◆ What you are asked to do
Although the records contain pictures, print none of them; print exactly the lines from the one with "Scavenger tests using" through the last line.

[Items from a dataset]
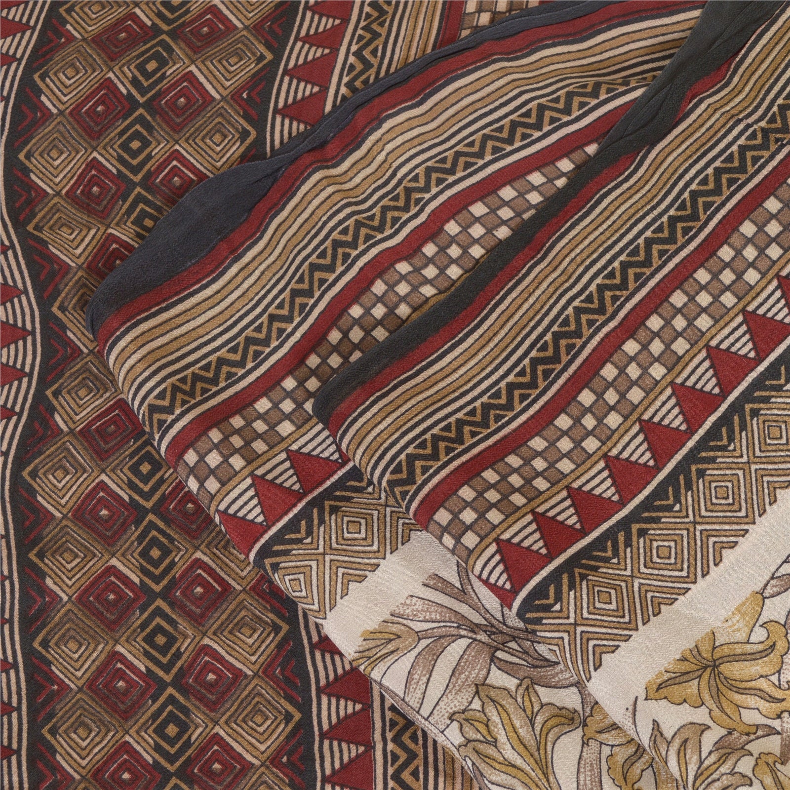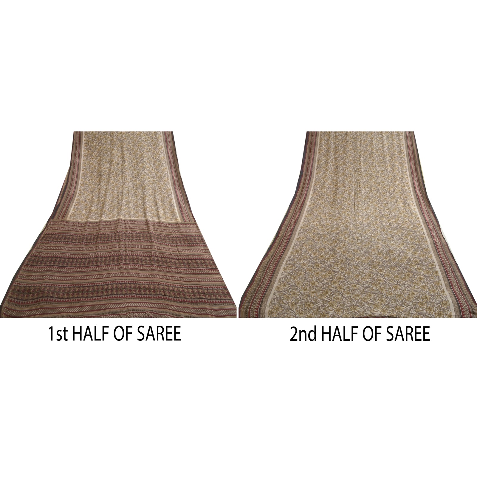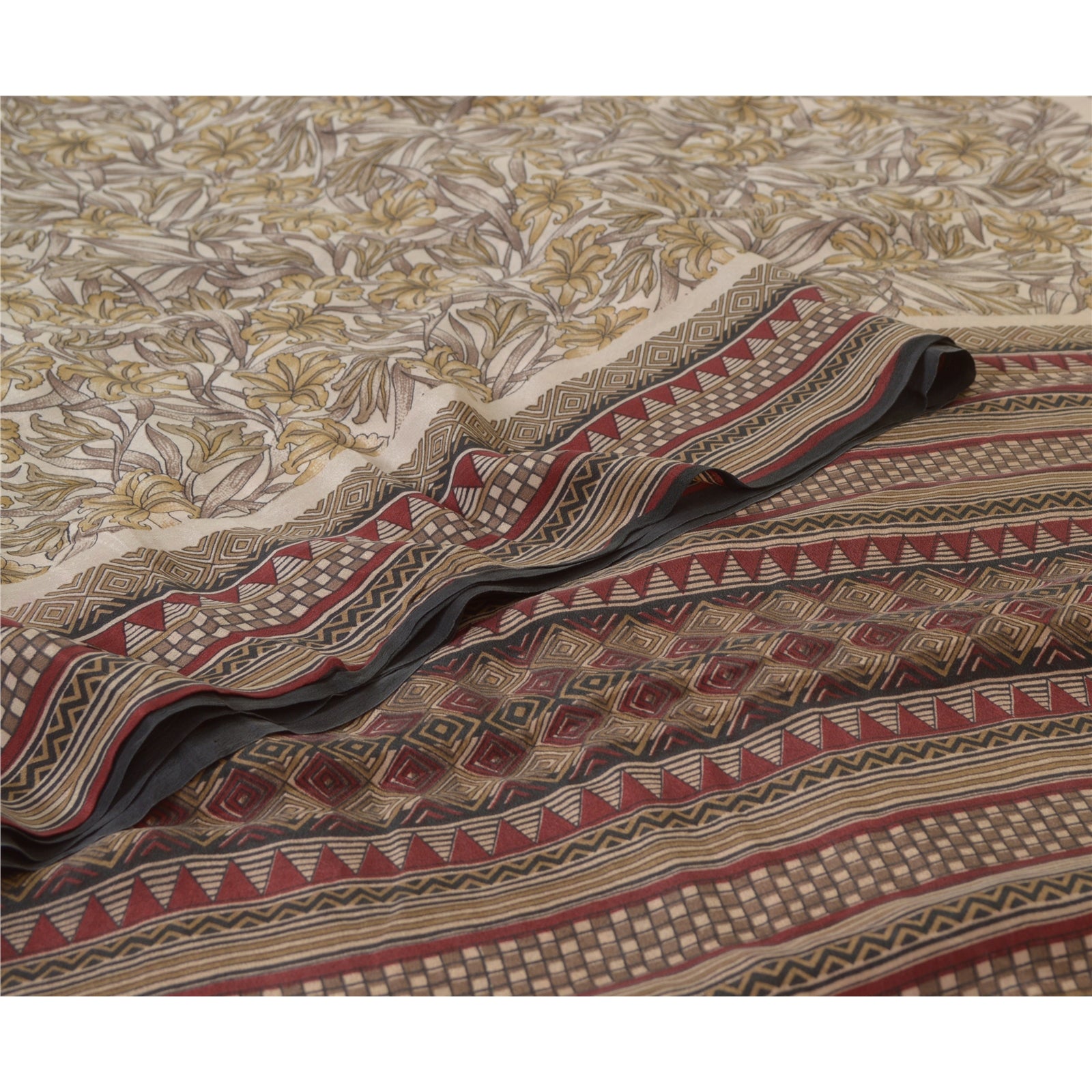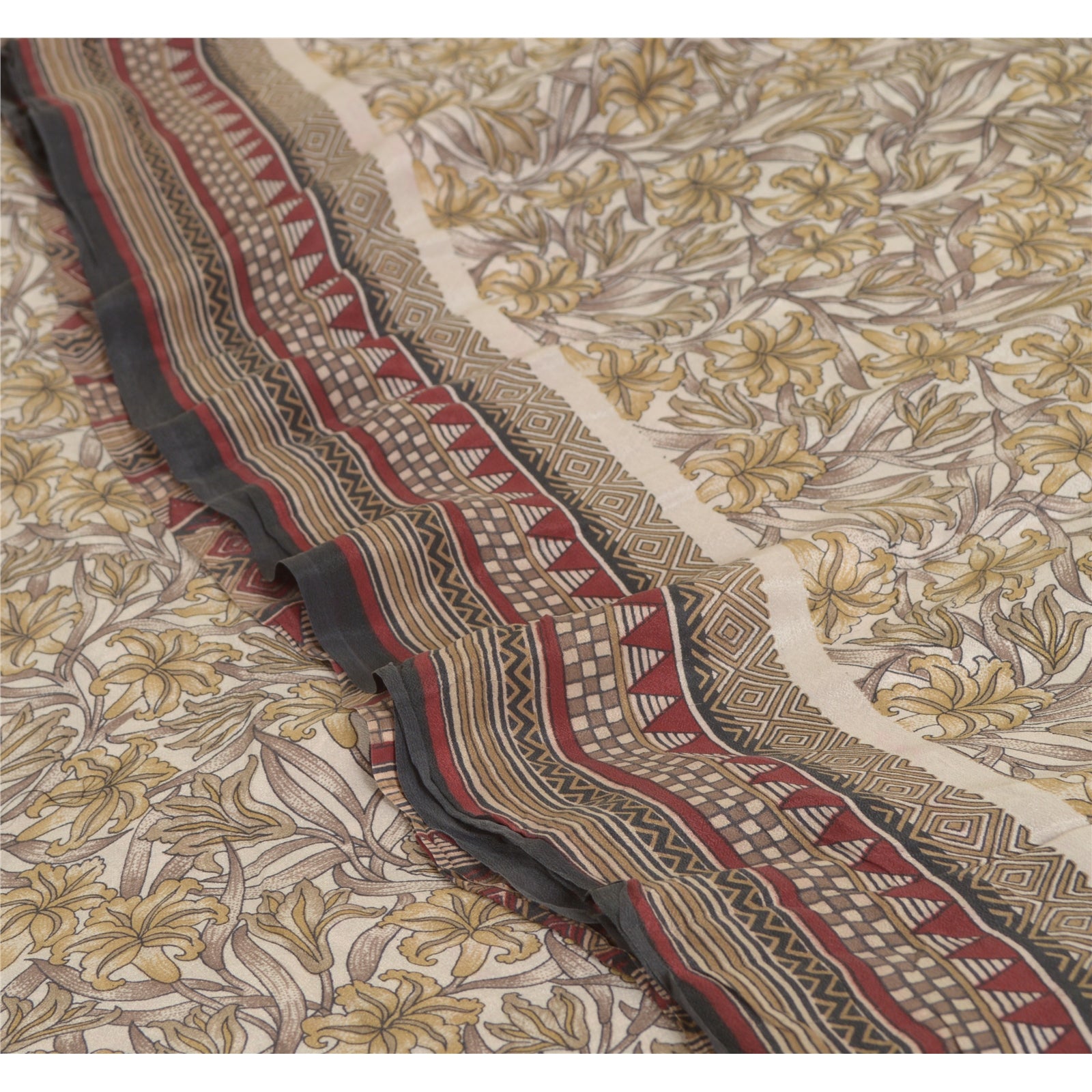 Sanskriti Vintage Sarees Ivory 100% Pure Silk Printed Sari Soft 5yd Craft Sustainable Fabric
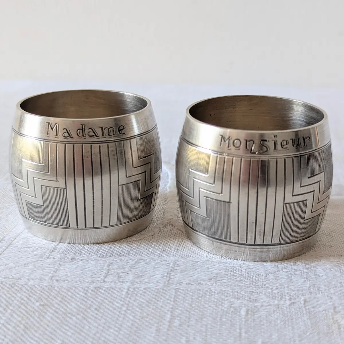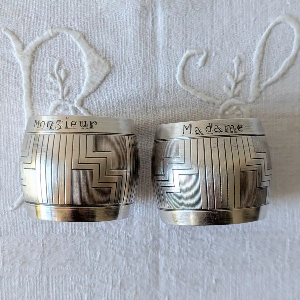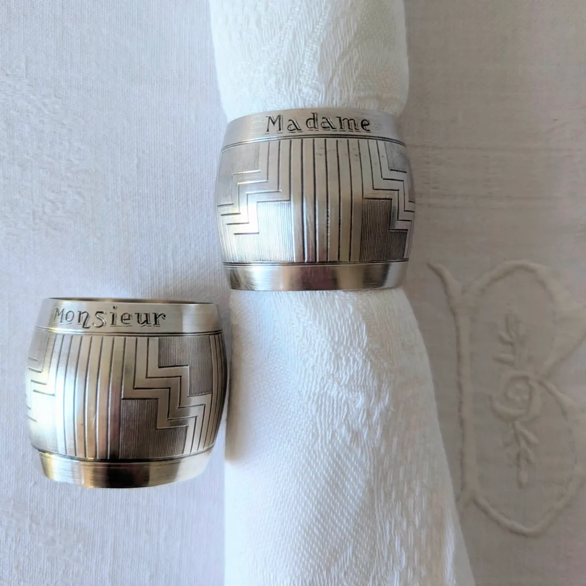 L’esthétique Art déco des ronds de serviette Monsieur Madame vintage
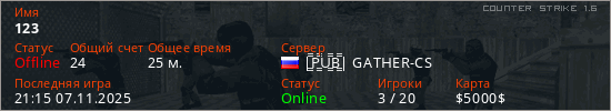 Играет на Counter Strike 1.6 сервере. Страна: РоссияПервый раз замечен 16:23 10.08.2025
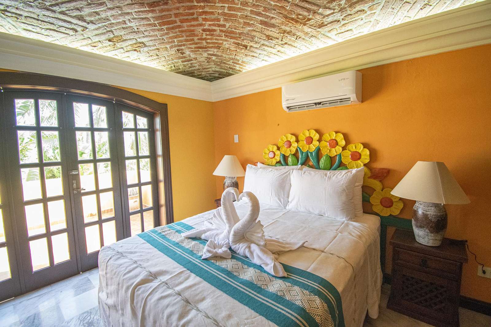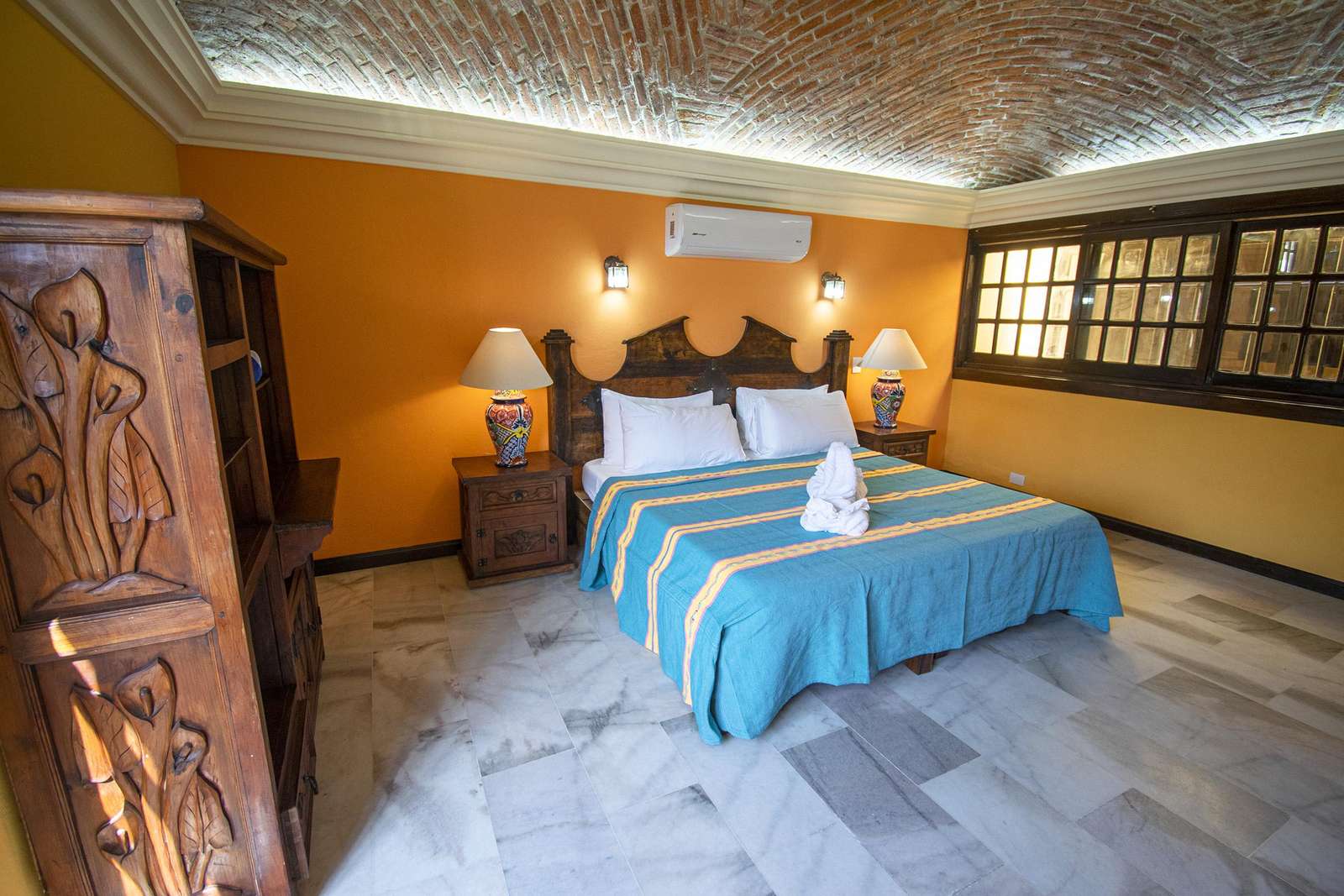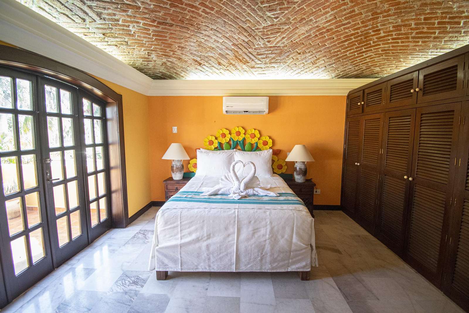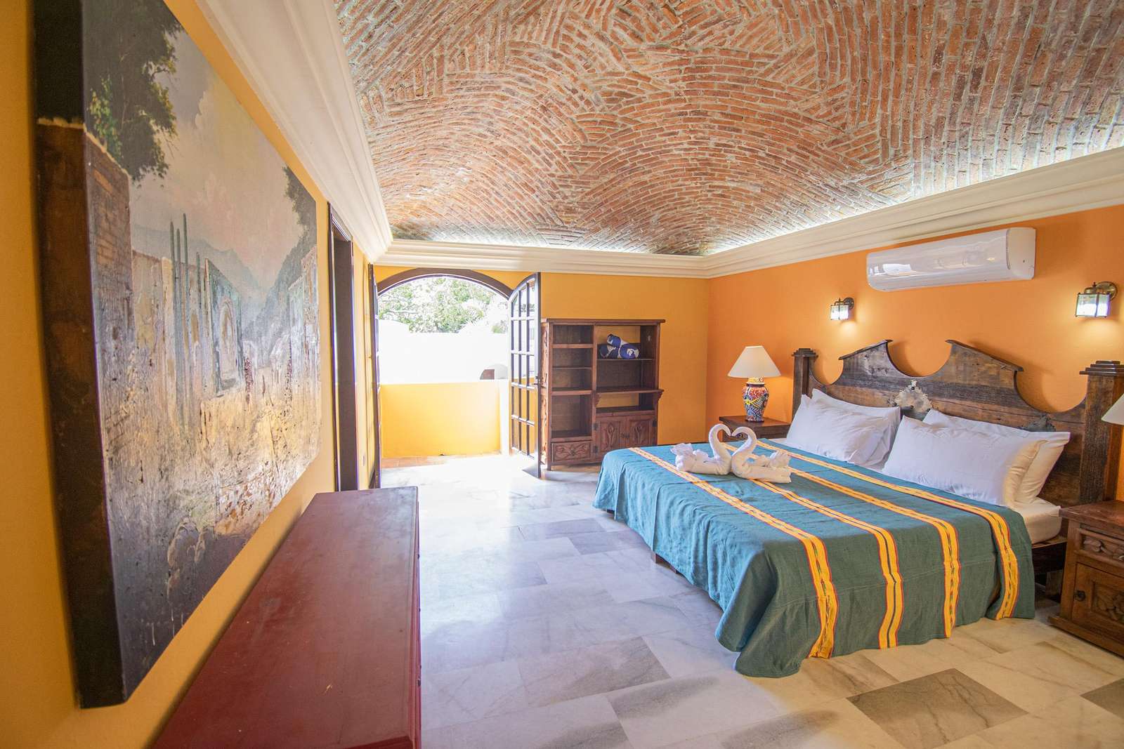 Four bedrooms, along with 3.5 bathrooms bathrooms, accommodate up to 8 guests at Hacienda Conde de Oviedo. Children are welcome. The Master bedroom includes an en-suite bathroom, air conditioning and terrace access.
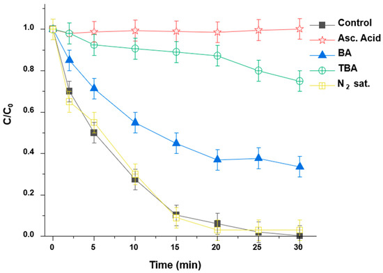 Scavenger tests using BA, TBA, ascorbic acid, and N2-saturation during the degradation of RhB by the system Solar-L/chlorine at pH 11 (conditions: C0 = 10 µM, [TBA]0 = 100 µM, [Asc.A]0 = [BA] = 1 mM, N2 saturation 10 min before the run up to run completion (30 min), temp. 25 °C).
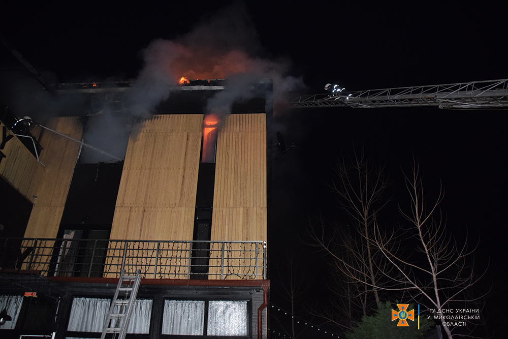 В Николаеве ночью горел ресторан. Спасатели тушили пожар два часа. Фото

◆ Exercise output
 Scavenger tests using BA, TBA, ascorbic acid, and N2-saturation during the degradation of RhB by the system Solar-L/chlorine at pH 11 (conditions: C0 = 10 µM, [TBA]0 = 100 µM, [Asc.A]0 = [BA] = 1 mM, N2 saturation 10 min before the run up to run completion (30 min), temp. 25 °C).
 В Николаеве ночью горел ресторан. Спасатели тушили пожар два часа. Фото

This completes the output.